I Am Not Anti Social

For years my family have been on my case trying to get me to socialize more.  Even as a child I preferred to stay home and read my books as opposed to go to the big social activities in my farming village, namely high school sports games and county fairs in the summers.  I never did enjoy such activities as much as most people.  I mean, I enjoyed playing football and running track in high school far more than I did watching them.  And anything I could see at a county fair or Fourth of July parade, I could see any day of the year just by looking around my town.  No, I would have rather spent my time reading about far off places I would probably never get to see, read about a past that most people will never learn, and read about future possibilities (both good and bad) that I would probably not live long enough to see.

And because of my “different” set of interests, I was condemned by my parents, town elders, and even my classmates as being “anti social.”  Yet, this was an absolutely unfair accusation.  I love socializing, I just had different interests than most people I knew growing up.  I was 11 years old before I made a friend who had the same interests in music, history, geopolitics, science, etc. that I did.  And he too was an outcast among my people.  When I was 13, I met the girl who later became the best friend I ever had.  See still is my best friend even 25 years later.  She was even more interested in tech and geopolitics than even I was.  She was also the first person my age I ever met who loved reading even more than I did.  So we wound up spending a great deal of our teenage years at each other’s house.

Naturally, most people in my school thought we were romantically involved even before high school.  No we weren’t.  She was among the handful of people in my hometown who shared my interests and I shared hers.  As a result of being so different from my peers, I always thought there was something defective with myself all the way through my junior high and high school years.

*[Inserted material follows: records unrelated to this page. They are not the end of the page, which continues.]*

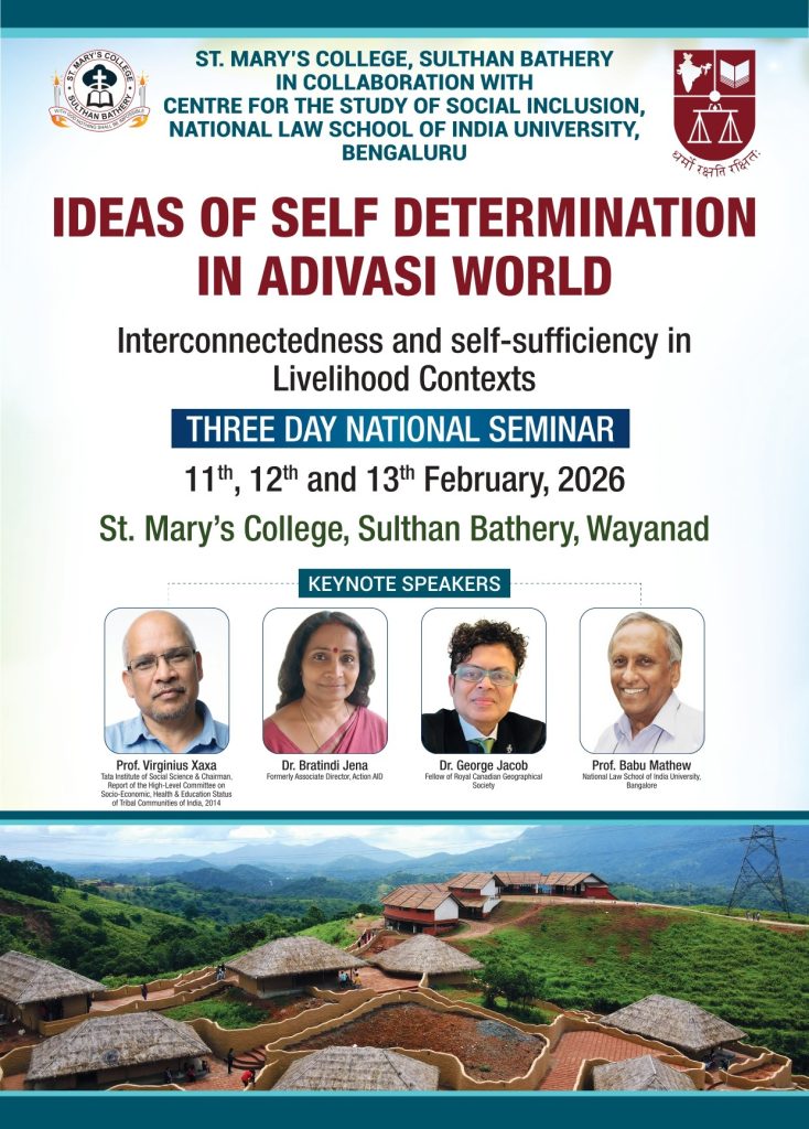 Three-Day National Seminar on ‘Ideas of Self Determination in Adivasi World’ | By NLSIU and St. Mary’s College, Sulthan Bathery
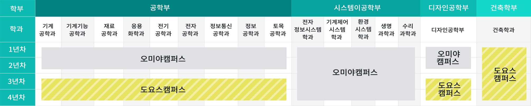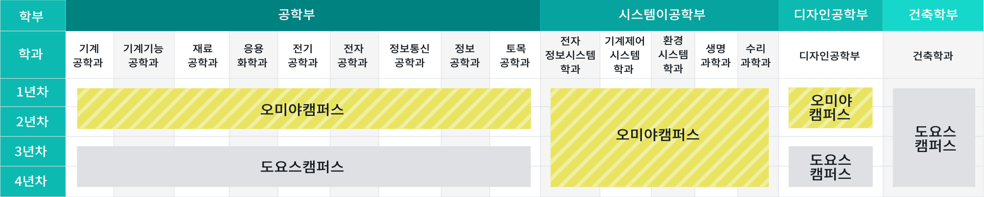 ※선진국제과정(IGP)은 1학년부터 4학년까지 줄곧 도요스캠퍼스
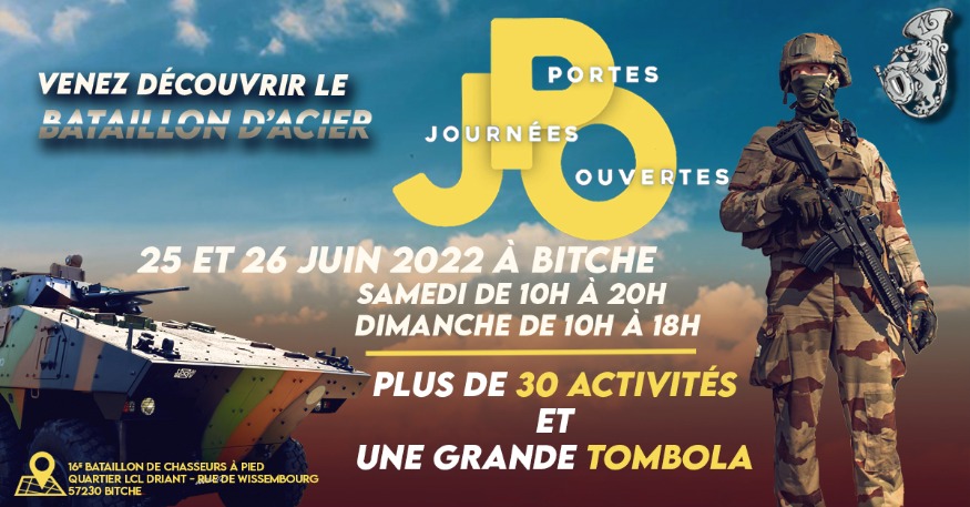 Les 25 et 26 juin prochain, le 16ème Bataillon de Chasseurs à Pied vous ouvre leurs portes ! Vous souhaitez découvrir le monde militaire ou simplement visiter le Bataillon ? Vous pourrez venir en famille ou entre amis de 10h à 20h pour le 25 juin et de 10h à 18h pour le 26 juin !

It wasn’t until I spent a little time at college did I realize that I wasn’t defective.  I did much better socially in college than I did as a kid in my hometown.  I made lots of acquaintances, several really cool friends I still hear from via facebook, and for the first time in my life I wasn’t condemned for having nerdy interests or loving to read.  When I was a kid, my classmates would often yank a book I was reading right out of my hands.  They would often steal my textbooks and sheet music in band.  About the only book I never had stolen from me as a teenager was my football playbook and my Bible.  Even though I am almost 40 years old, I still don’t get why people that don’t read much hate those of us that do.  I mean, is wanting knowledge and wisdom such an evil thing?  Why, if it weren’t for acquired knowledge and wisdom being passed down from elders to children, we would have never even survived the Stone Age.  I can’t stand people who are proud of being unread and unknowing and ignorant.  The Dunning – Kruger effect is alive and well in those types.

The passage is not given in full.